== Supplied material ==

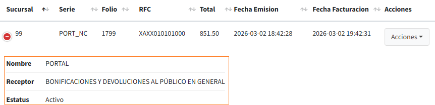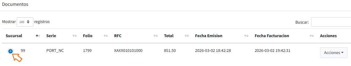 Acciones: botón con acciones adicionales a realizar en la factura o nota de crédito.
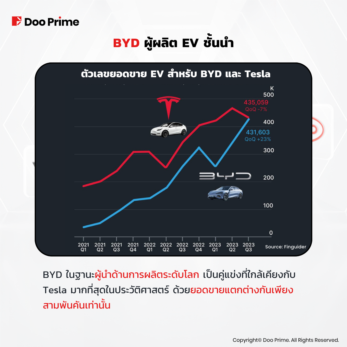 BYD เป็นบริษัทระดับแนวหน้าของอุตสาหกรรม EV ในจีน ไม่เพียงแต่เป็นผู้ผลิตและจัดจำหน่าย EV รายใหญ่ที่สุดของประเทศเท่านั้น แต่ยังกลายเป็นคู่แข่งสำคัญกับ Tesla อีกด้วย ข้อมูลการเติบโตล่าสุดบ่งชี้ว่า BYD รุกเข้าสู่ตลาดต่างประเทศ สร้างความได้เปรียบทางการแข่งขัน
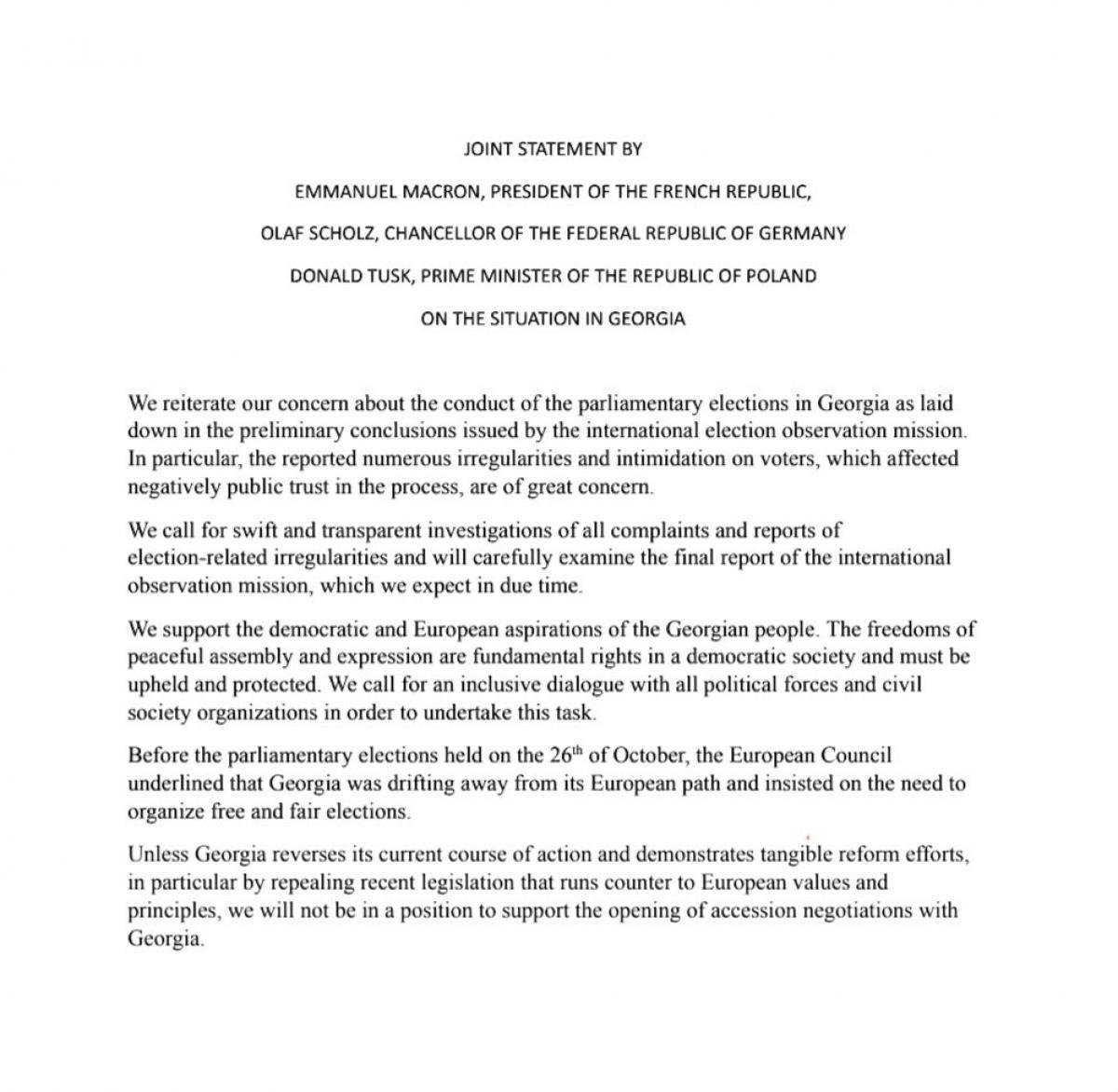 გერმანიის კანცლერი ოლაფ შოლცი, საფრანგეთის პრეზიდენტი ემანუელ მაკრონი და პოლონეთის პრემიერ-მინისტრი დონალდ ტუსკი ერთობლივ განცხადებას ავრცელებენ. როგორც ლიდერების ერთობლივ განცხადებაშია აღნიშნული, ისინი ქართველი ხალხის ევროპულ და დემოკრატიულ მისწრაფებებს მხარს უჭერენ, თუმცა საქართველოს ევროკავშირში გაწევრიანებაზე დიალოგის დაწყებას მხარს იქამდე ვერ დაუჭერენ, ვიდრე ქვეყანაში რეფორმები არ გატარდება.

===

Copy the listing above verbatim; the pictures it contains are to stay out.

## Answer box
 Acciones: botón con acciones adicionales a realizar en la factura o nota de crédito.
 BYD เป็นบริษัทระดับแนวหน้าของอุตสาหกรรม EV ในจีน ไม่เพียงแต่เป็นผู้ผลิตและจัดจำหน่าย EV รายใหญ่ที่สุดของประเทศเท่านั้น แต่ยังกลายเป็นคู่แข่งสำคัญกับ Tesla อีกด้วย ข้อมูลการเติบโตล่าสุดบ่งชี้ว่า BYD รุกเข้าสู่ตลาดต่างประเทศ สร้างความได้เปรียบทางการแข่งขัน
 გერმანიის კანცლერი ოლაფ შოლცი, საფრანგეთის პრეზიდენტი ემანუელ მაკრონი და პოლონეთის პრემიერ-მინისტრი დონალდ ტუსკი ერთობლივ განცხადებას ავრცელებენ. როგორც ლიდერების ერთობლივ განცხადებაშია აღნიშნული, ისინი ქართველი ხალხის ევროპულ და დემოკრატიულ მისწრაფებებს მხარს უჭერენ, თუმცა საქართველოს ევროკავშირში გაწევრიანებაზე დიალოგის დაწყებას მხარს იქამდე ვერ დაუჭერენ, ვიდრე ქვეყანაში რეფორმები არ გატარდება.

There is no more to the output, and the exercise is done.